# UKAPS Aquascaping 'Live' Debut



## gf225 (Mar 26, 2005)

Some of you may know that the UK Aquatic Plant Society had their debut public outing at the Festival of Fishkeeping recently.

It's Europe's biggest aquatic hobbyist event with over 6000 visitors over a weekend. Highlights are showing fish including koi and discus. Interestingly the 'Supreme Champion' prize was won by a whopping Celestial Pearl Danio.

I'd like to think it was a successful event for UKAPS, and we certainly achieved our primary goal of increasing the awareness of the UK planted tank and aquascaping scene.

Highlights for me were chatting with the public and sharing my passion for all thing planted tank related. I talked with anyone and everyone from 6 year-old children to 85 year-old veterans.

I was amazed to see how much interest we generated, a reflection I'd like to think of our enthusiasm and dare I say, professionalism.

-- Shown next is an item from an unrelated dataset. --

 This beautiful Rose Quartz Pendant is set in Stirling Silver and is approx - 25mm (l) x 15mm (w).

Being filmed in front of a sizeable audience was in interesting experience too. Especially after 4 hours sleep and too much beer&#8230; Look out for the DVD soon!

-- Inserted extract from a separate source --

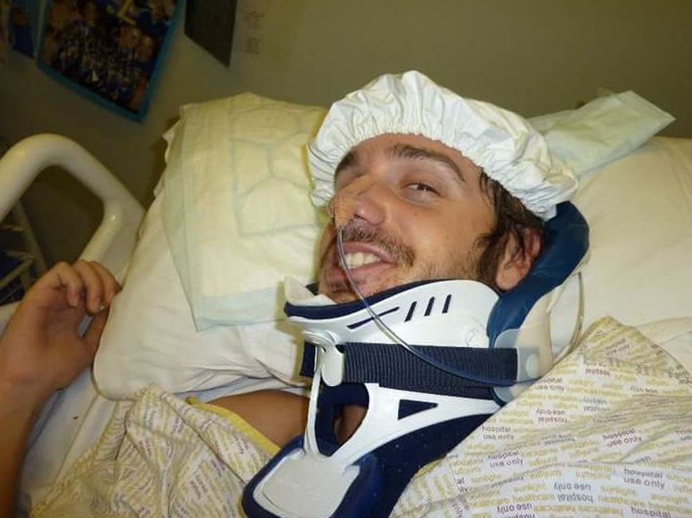 Flying back home 10 months later for his niece's christening, Ben made the disastrous decision to dive into the ocean—hitting the sea bed and breaking his neck in the process.

All the aquascapes were done 'off-the-cuff' with no real planning, as was my presentation and commentary.

There are too many people to thank but those who did know who they are, so thanks!

Roll on the Festival of Fishkeeping 2008.

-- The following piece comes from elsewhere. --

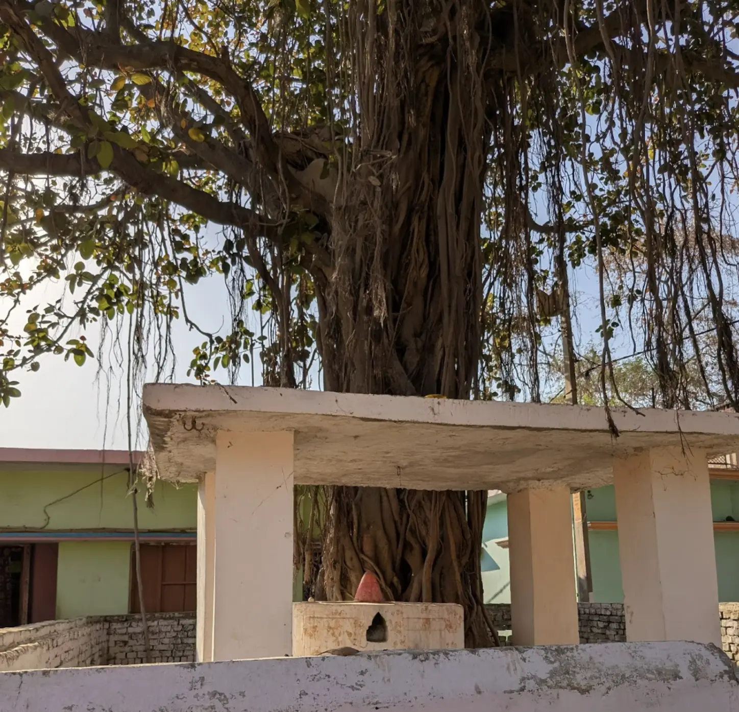 A few hundred meters into the village, another innocuous shrine comes into view. Cows idle lazily here, turning their curious eyes to the rare visitors that venture. A dog sits in the shade of a large bull, its ears keen to the surroundings. Under an old banyan tree, a small shrine marks the region of Sati mā, my kula devī. She is mostly forgotten now, and the neglect around her shrine reflects it. We are led here by a cousin, but even he has an amused smile on his face as he guides us. As if to say - why are you folks so curious about her?

Friday night - 'The calm before the storm'


Saturday's live aquascaping display draws the crowds


Me, trying desperately to make aquascaping in milk look and sound interesting


Display tank - pre-background


Display tank - post-background, 24hrs after 'scaping.


A 'jaunty' angle


Close-up


(L-R) Graeme Edwards, Dan Crawford, and some geek with glasses&#8230;


Dan at work


PFK Deputy Editor, Jeremy Gay, chats with Dan and Graeme


Graeme Edwards 'scaping the pico using Light Pagoda rock from Aqua Essentials and plants from Plants Alive


Full pico shot


UKAPS entry for Society Furnished Aquaria Contest. We finished 3rd and lost to two "fish" tanks. We'll do better next year, but refuse to 'sell-out' to gawdy fish&#8230;


Thanks to our sponsors&#8230;


----------



## hooha (Apr 21, 2005)

very nice job. Good to see the hobby getting more exposure!


----------



## Mellonman (Nov 2, 2005)

Good job George, I really like the aquascape you made...

... and the pictures on the background of the stand are nice


----------



## MARIMOBALL (Jun 20, 2007)

Looks like it was a lot of fun. Wish we had something like this here in the states.


----------